Exercise data:
══════════════════════════════

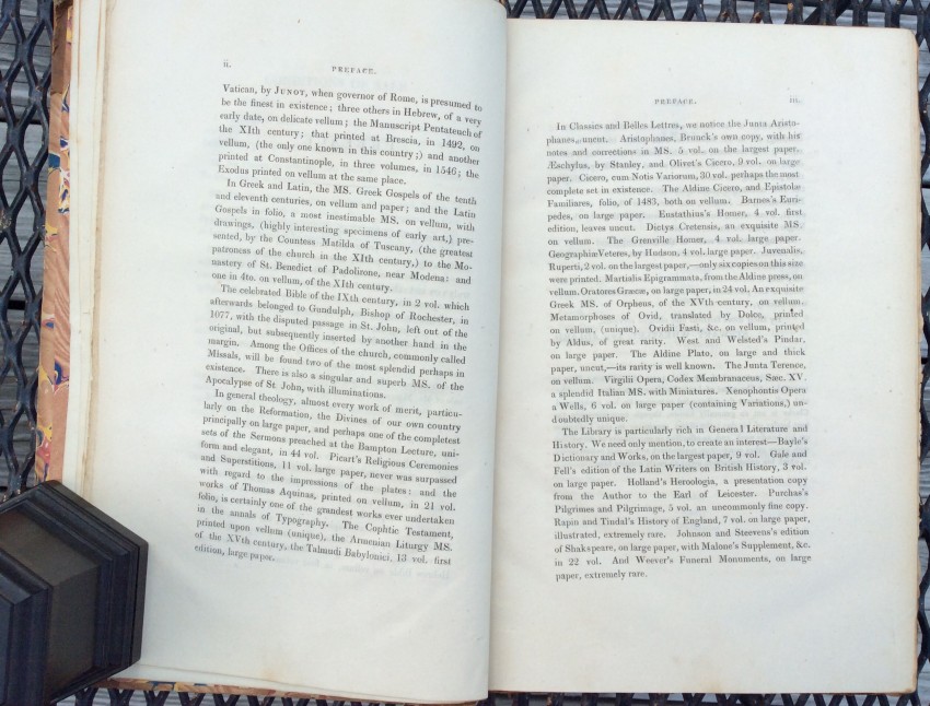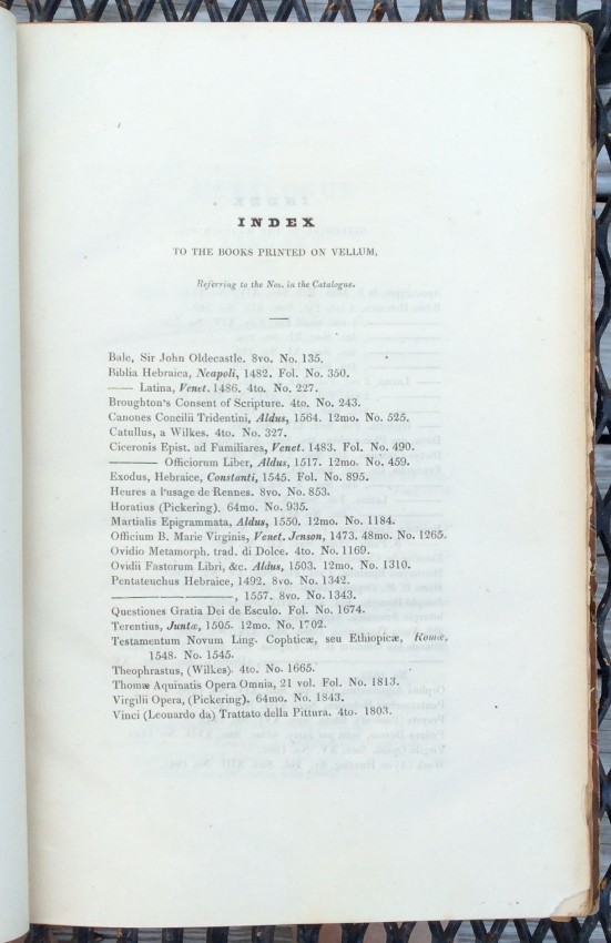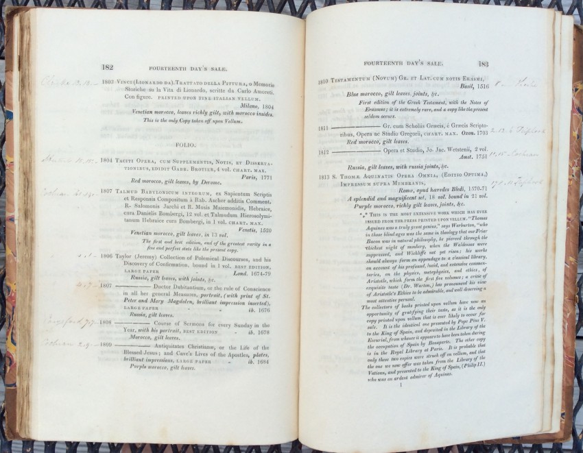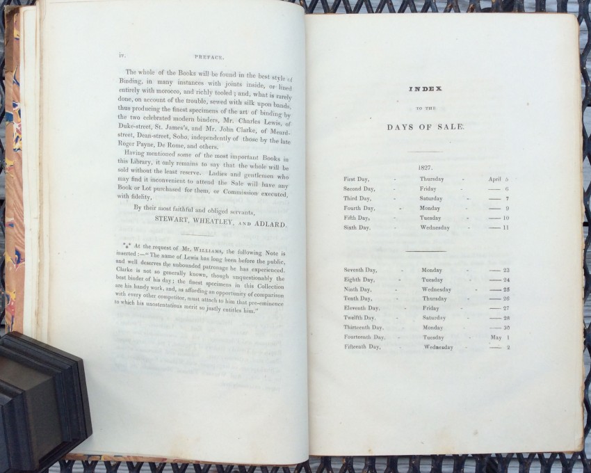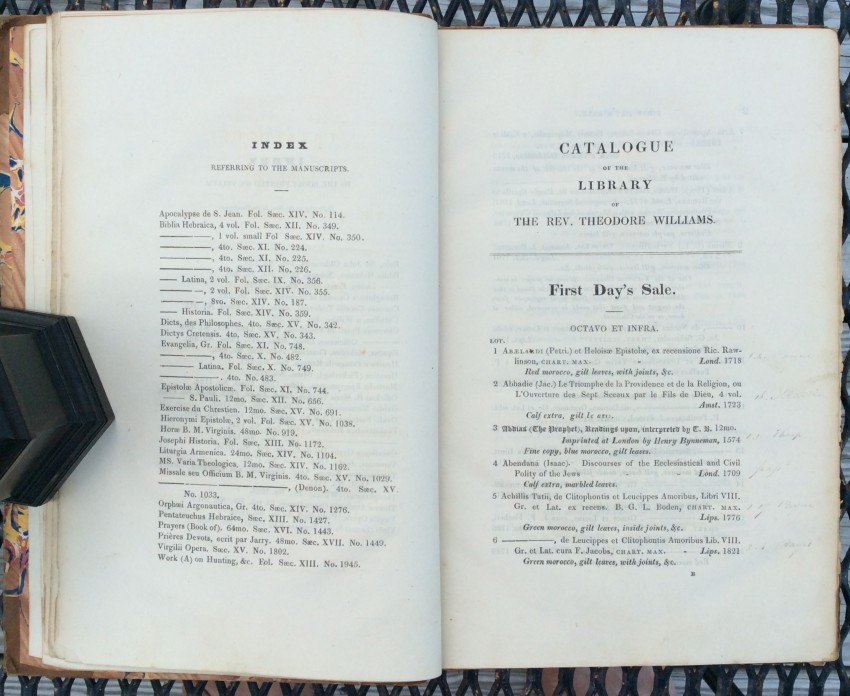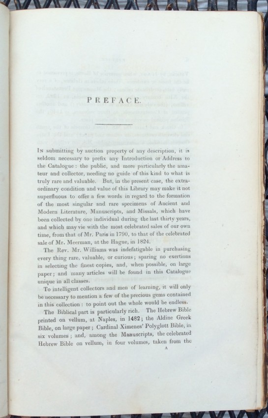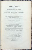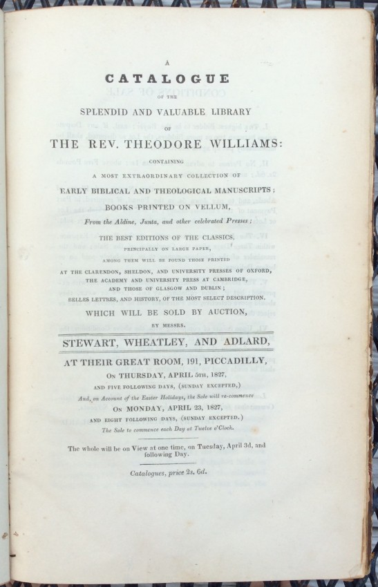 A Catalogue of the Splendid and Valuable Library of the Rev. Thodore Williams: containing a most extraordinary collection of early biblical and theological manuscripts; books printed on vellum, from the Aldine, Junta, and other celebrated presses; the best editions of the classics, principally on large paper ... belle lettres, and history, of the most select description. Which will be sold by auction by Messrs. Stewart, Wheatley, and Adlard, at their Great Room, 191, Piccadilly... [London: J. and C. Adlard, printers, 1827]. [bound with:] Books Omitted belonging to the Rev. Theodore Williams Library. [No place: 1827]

══════════════════════════════

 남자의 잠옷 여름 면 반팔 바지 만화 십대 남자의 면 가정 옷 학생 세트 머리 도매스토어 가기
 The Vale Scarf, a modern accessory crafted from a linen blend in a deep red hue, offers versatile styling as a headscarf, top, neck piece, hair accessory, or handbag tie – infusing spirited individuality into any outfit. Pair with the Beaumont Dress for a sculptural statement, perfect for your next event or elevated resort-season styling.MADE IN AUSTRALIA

══════════════════════════════

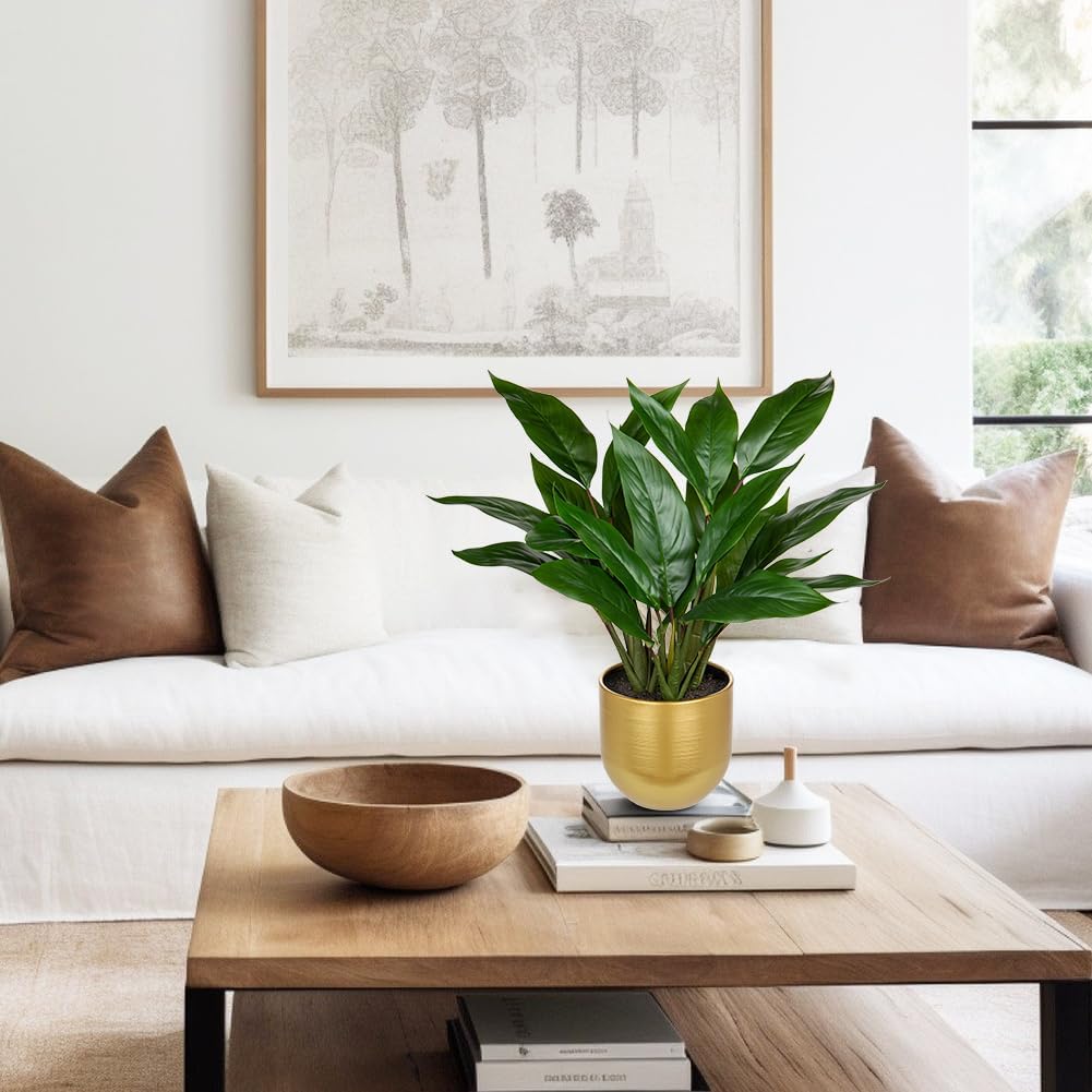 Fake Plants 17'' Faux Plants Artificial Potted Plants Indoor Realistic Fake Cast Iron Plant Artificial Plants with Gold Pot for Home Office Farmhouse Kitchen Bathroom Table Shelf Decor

══════════════════════════════

Task prompt:
Could you repeat exactly the lines in the listing above from the one with "남자의 잠옷 여름 면" down to the one with "The Vale Scarf, a"? Include both of those lines.

Task output:
 남자의 잠옷 여름 면 반팔 바지 만화 십대 남자의 면 가정 옷 학생 세트 머리 도매스토어 가기
 The Vale Scarf, a modern accessory crafted from a linen blend in a deep red hue, offers versatile styling as a headscarf, top, neck piece, hair accessory, or handbag tie – infusing spirited individuality into any outfit. Pair with the Beaumont Dress for a sculptural statement, perfect for your next event or elevated resort-season styling.MADE IN AUSTRALIA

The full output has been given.